Task instructions:
Pictures aside, repeat the whole listing word for word.
Input data: Begin
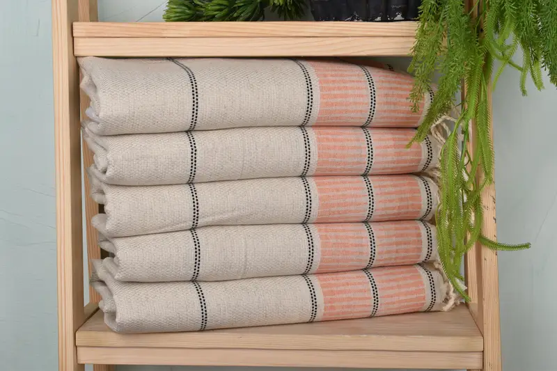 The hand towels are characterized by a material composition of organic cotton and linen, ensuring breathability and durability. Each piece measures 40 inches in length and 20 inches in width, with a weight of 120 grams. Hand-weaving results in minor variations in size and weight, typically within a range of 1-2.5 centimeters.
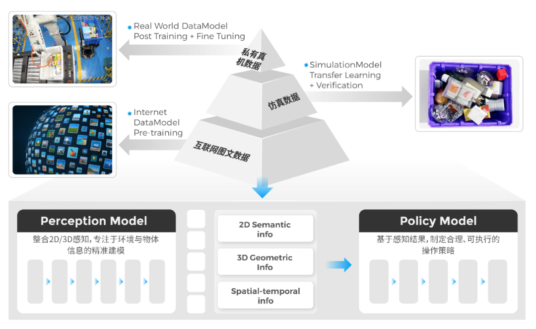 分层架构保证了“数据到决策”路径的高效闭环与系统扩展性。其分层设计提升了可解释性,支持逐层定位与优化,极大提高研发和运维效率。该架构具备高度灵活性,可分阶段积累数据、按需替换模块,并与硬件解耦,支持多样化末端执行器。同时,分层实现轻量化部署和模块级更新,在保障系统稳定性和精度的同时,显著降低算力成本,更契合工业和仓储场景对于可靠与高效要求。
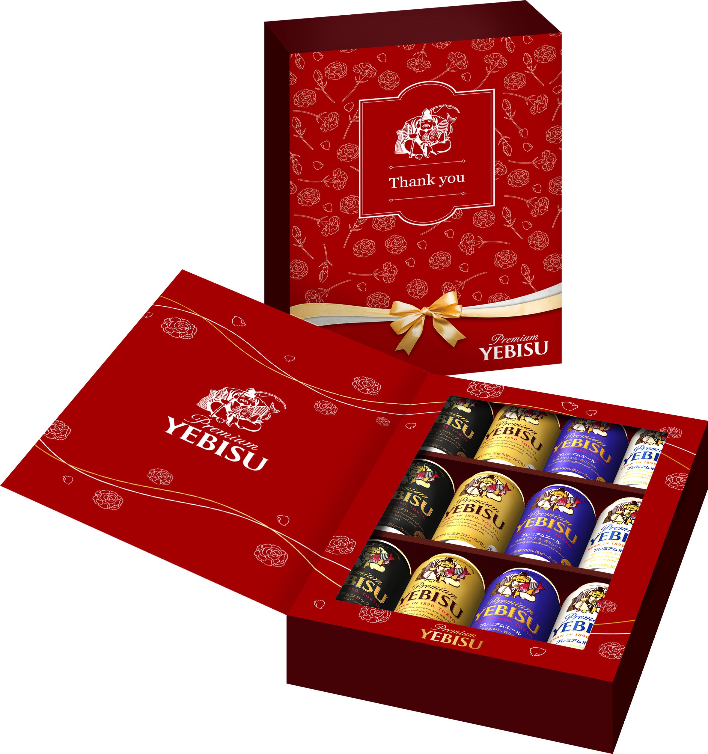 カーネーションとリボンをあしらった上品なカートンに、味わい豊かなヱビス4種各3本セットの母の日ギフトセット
Input data: End
Written answer:
 The hand towels are characterized by a material composition of organic cotton and linen, ensuring breathability and durability. Each piece measures 40 inches in length and 20 inches in width, with a weight of 120 grams. Hand-weaving results in minor variations in size and weight, typically within a range of 1-2.5 centimeters.
 分层架构保证了“数据到决策”路径的高效闭环与系统扩展性。其分层设计提升了可解释性,支持逐层定位与优化,极大提高研发和运维效率。该架构具备高度灵活性,可分阶段积累数据、按需替换模块,并与硬件解耦,支持多样化末端执行器。同时,分层实现轻量化部署和模块级更新,在保障系统稳定性和精度的同时,显著降低算力成本,更契合工业和仓储场景对于可靠与高效要求。
 カーネーションとリボンをあしらった上品なカートンに、味わい豊かなヱビス4種各3本セットの母の日ギフトセット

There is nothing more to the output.